The presence of context can alter a listener’s interpretation of a speech sound [81]. Such perceptual adaptation forms the basis of speaker normalization [82, 83]. In speech audiometry, a carrier phrase is typically included in a word recognition task to provide a cue for the listeners to focus their attention on the target words [8486]. Previous studies showed that word recognition accuracy is typically higher when embedded in a carrier phrase [84, 85, 87, 88]. The presence of a carrier phrase is particularly helpful under challenging listening conditions. For example, Lynn and Brotman (1981) [85] found that word identification in a carrier phrase was 10% more accurate than in isolation in the presence of speech-shaped noise. Since lexical tones produced with emotions are likely to deviate from the citation form, the presence of a context is likely to help listeners retrieve the intended tones more effectively.

In the current study, we examine Mandarin tone identification and emotion recognition in two contexts: when the target syllables are embedded in a carrier phrase (in context), and when the target syllables are extracted from the carrier phrase (in isolation). Note that the syllables in the “isolation” condition were not produced in isolation; rather, they were excised from the carrier phrase. We predict that Mandarin tone identification would be less accurate when the target syllables were extracted from the carrier phrase. This is because the citation form of a tone is likely to be altered due to the influence of neighboring tones [89]. Without the carrier phrase, it would be challenging for listeners to recover the tone. Furthermore, the carrier phrase provides information about talker characteristics such as speaking F0 range, which has been shown to facilitate tone identification from the multi-talker input [90]. We also predict that emotion recognition would be less accurate when the target syllables are presented in isolation. Since the talkers who recorded the stimuli were instructed to produce emotions for the entire utterance, the presence of emotions when preceded by a carrier phrase should facilitate emotion recognition from the target syllables.

The present study

The above review shows that both acoustics and perception of speech are shaped by emotions. Emotions affect Mandarin tone identification to different degrees depending on specific tones [71], but specific Mandarin tones do not seem to affect emotion recognition differently [41, 47]. To further clarify the interaction between lexical tones and emotions in speech, this study examines the acoustics and perception of Mandarin tones produced with various emotions, and the perception of emotions embedded in Mandarin tones. Following Liang and Chen (2019) [71], we use syllables produced with four Mandarin tones in a sentence-medial position. Extending Liang and Chen (2019) [71], we use multiple speakers of both sexes to record the stimuli. We also examine both the acoustics and perception of Mandarin tones and emotions. Finally, we examine the perception of Mandarin tones and emotions in two contexts: when the target syllables are presented with the carrier phrase, and when the target syllables are extracted from the carrier phrase.

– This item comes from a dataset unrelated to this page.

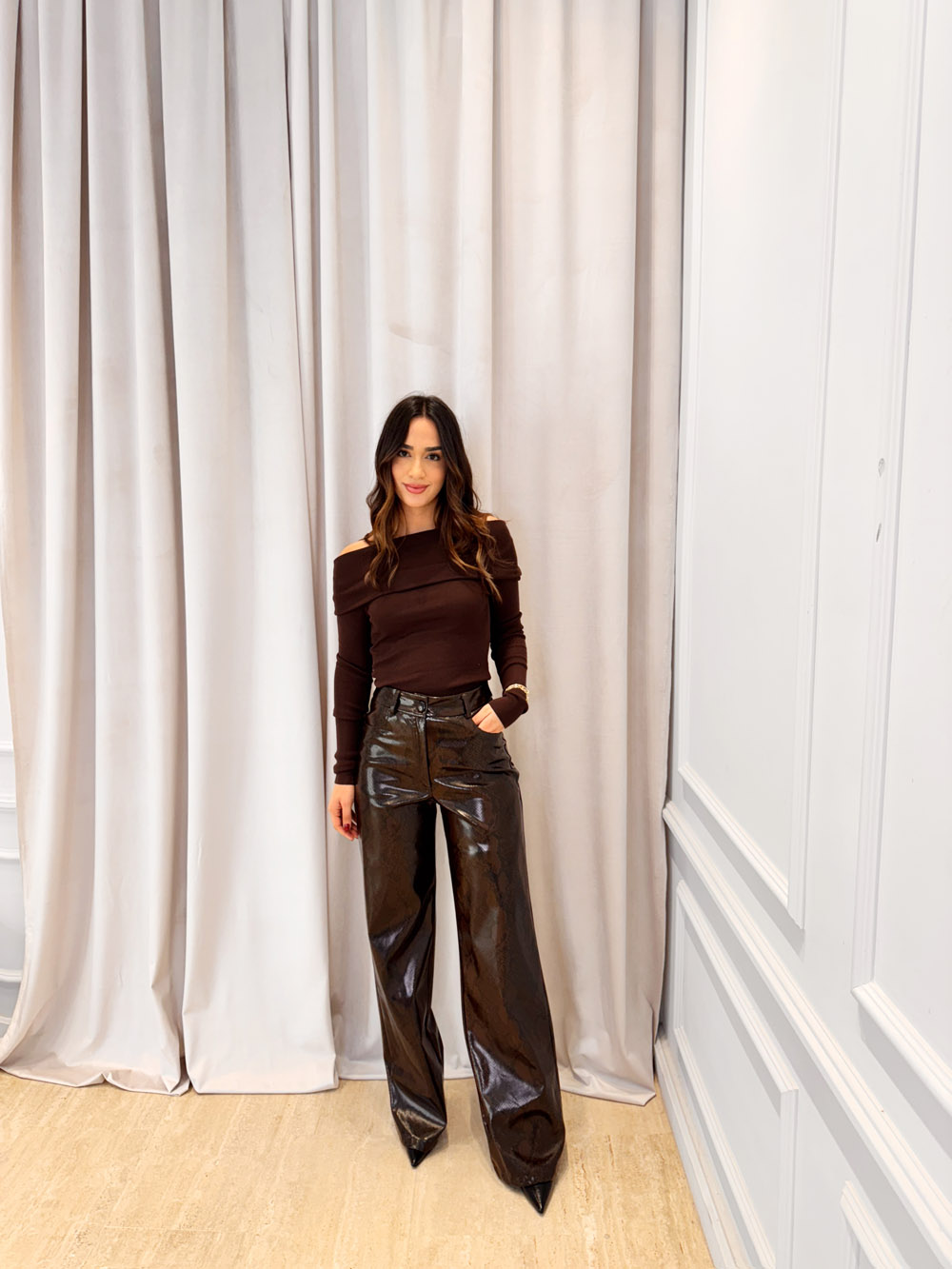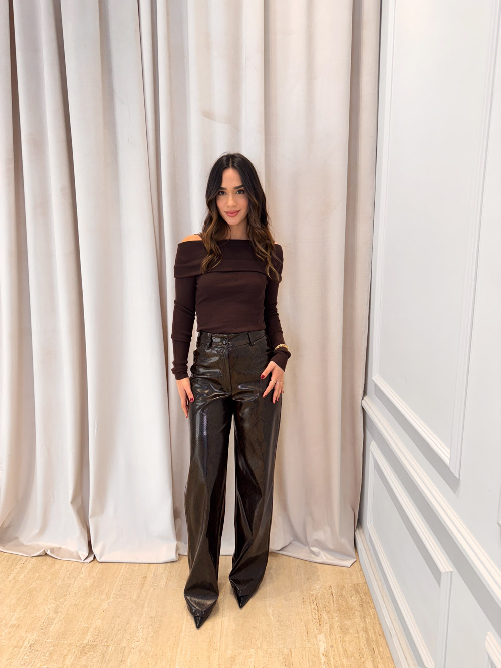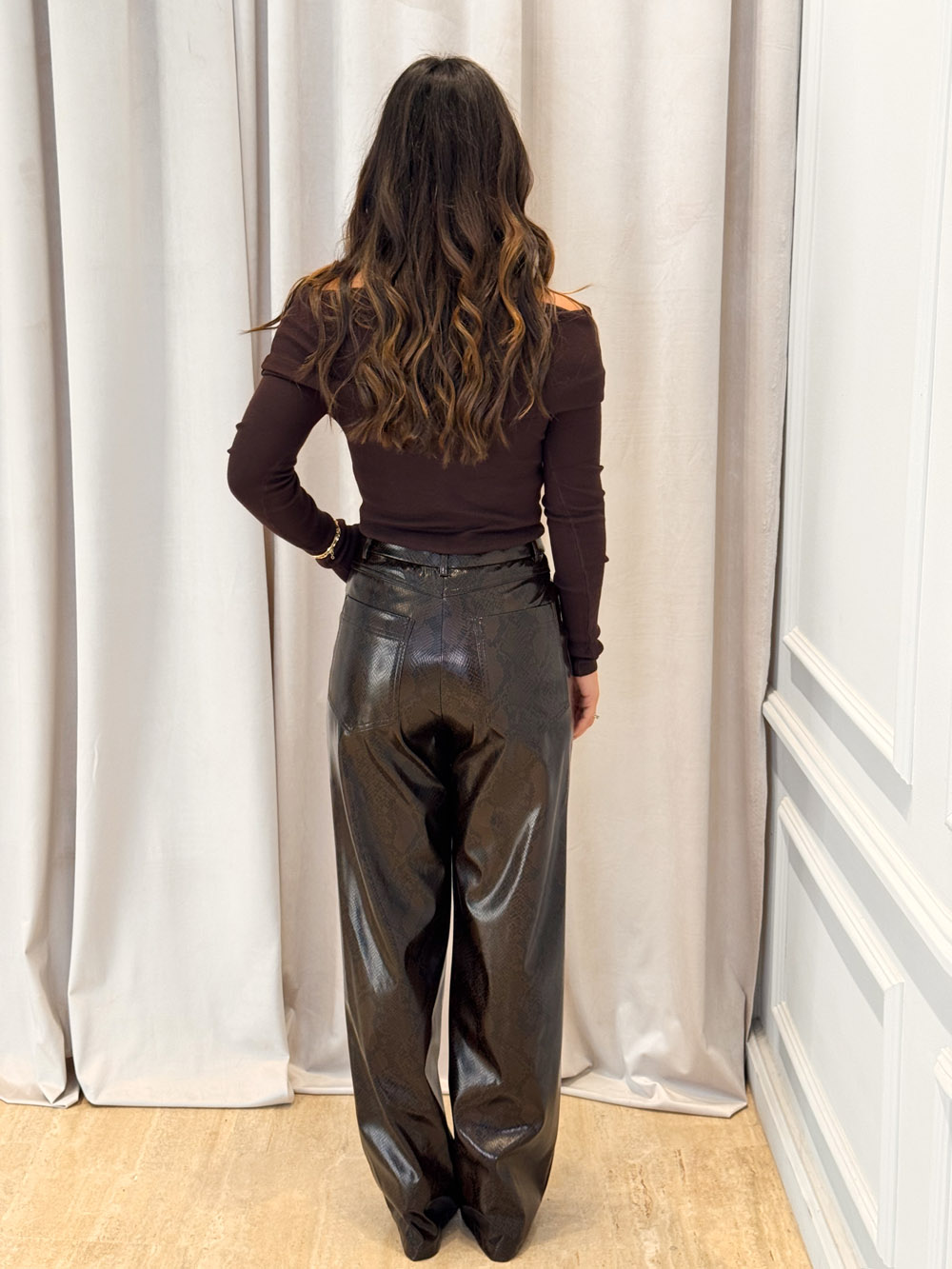 Snake-print eco-leather trousers with high waist, a sleek straight-wide leg, and a glossy embossed texture. The structured waistband, belt loops, front button closure, back zipper and functional pockets mimic the timeless silhouette of classic trousers.

Based on prior research, we predict that the acoustics of emotions would be affected by specific Mandarin tones. Liang and Chen’s (2019) [71] findings lead us to predict that the accuracy of Mandarin tone identification would be affected by emotions to different degrees depending on specific emotions and Mandarin tones in the stimuli. Following findings from Wang and Lee (2015) [41] and Wang and Qian (2018) [47], we predict that emotion recognition would remain robust irrespective of the specific Mandarin tones in the stimuli. Finally, we predict that Mandarin tone identification and emotion recognition would be less accurate when the target words are extracted from the carrier phrase.

Experiment 1

In this experiment, we investigated the acoustic characteristics of Mandarin tones produced with emotions by multiple talkers of both sexes. Anger (ANGRY hereafter), fear (FEAR hereafter), happiness (HAPPY hereafter), and sadness (SAD hereafter) were selected because they are considered four basic emotions [3640] (see introduction for opposing views). The acoustic effects of these four emotions were evaluated relative to the neutral tone of voice (NEUTRAL hereafter). Four acoustic measures including mean F0, F0 range, amplitude, and duration were chosen because they are most relevant to both lexical tone and emotional tone distinctions.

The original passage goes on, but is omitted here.